* **Supplied data**

○ ○ ○ ○

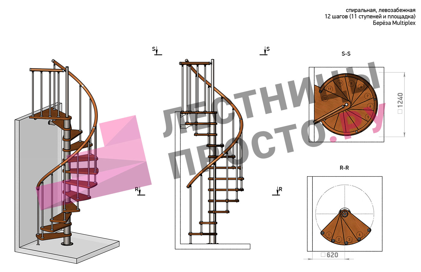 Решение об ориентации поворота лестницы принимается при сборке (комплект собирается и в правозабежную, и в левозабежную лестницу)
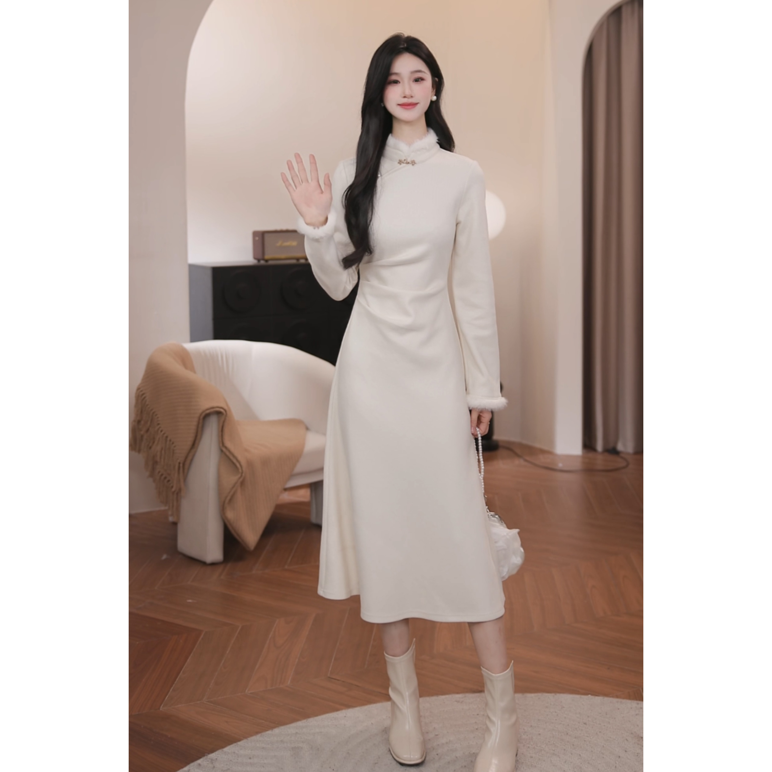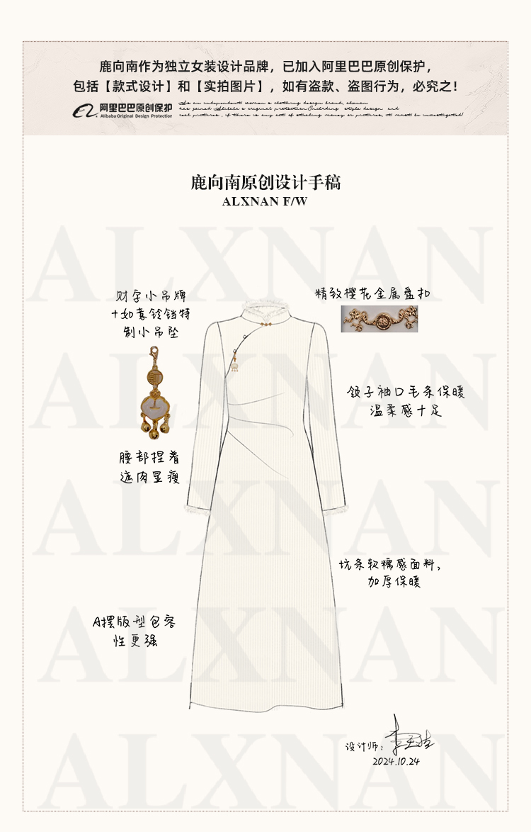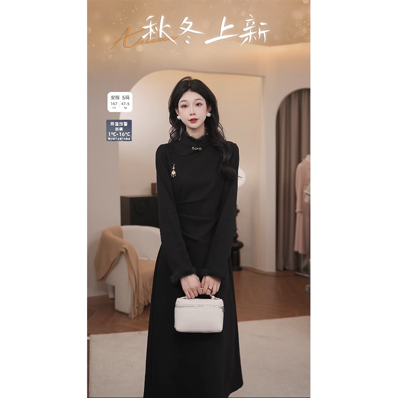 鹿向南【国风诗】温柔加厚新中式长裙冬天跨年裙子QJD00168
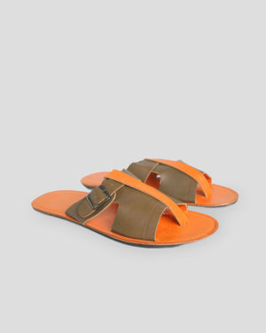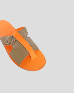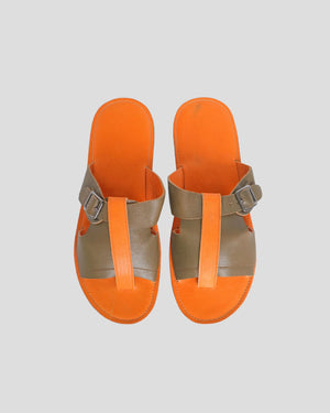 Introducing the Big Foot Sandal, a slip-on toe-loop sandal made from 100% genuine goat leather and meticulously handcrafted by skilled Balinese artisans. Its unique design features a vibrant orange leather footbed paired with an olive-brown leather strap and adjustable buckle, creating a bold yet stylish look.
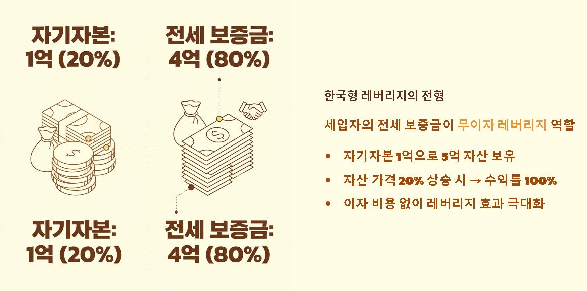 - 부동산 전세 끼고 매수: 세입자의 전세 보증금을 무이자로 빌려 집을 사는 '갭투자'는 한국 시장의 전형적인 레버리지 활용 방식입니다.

○ ○ ○ ○

* **What the task requires**
Only the pictures are to be dropped; all other material above must be repeated exactly.

* **Solved exercise**
 Решение об ориентации поворота лестницы принимается при сборке (комплект собирается и в правозабежную, и в левозабежную лестницу)
 鹿向南【国风诗】温柔加厚新中式长裙冬天跨年裙子QJD00168
 Introducing the Big Foot Sandal, a slip-on toe-loop sandal made from 100% genuine goat leather and meticulously handcrafted by skilled Balinese artisans. Its unique design features a vibrant orange leather footbed paired with an olive-brown leather strap and adjustable buckle, creating a bold yet stylish look.
 - 부동산 전세 끼고 매수: 세입자의 전세 보증금을 무이자로 빌려 집을 사는 '갭투자'는 한국 시장의 전형적인 레버리지 활용 방식입니다.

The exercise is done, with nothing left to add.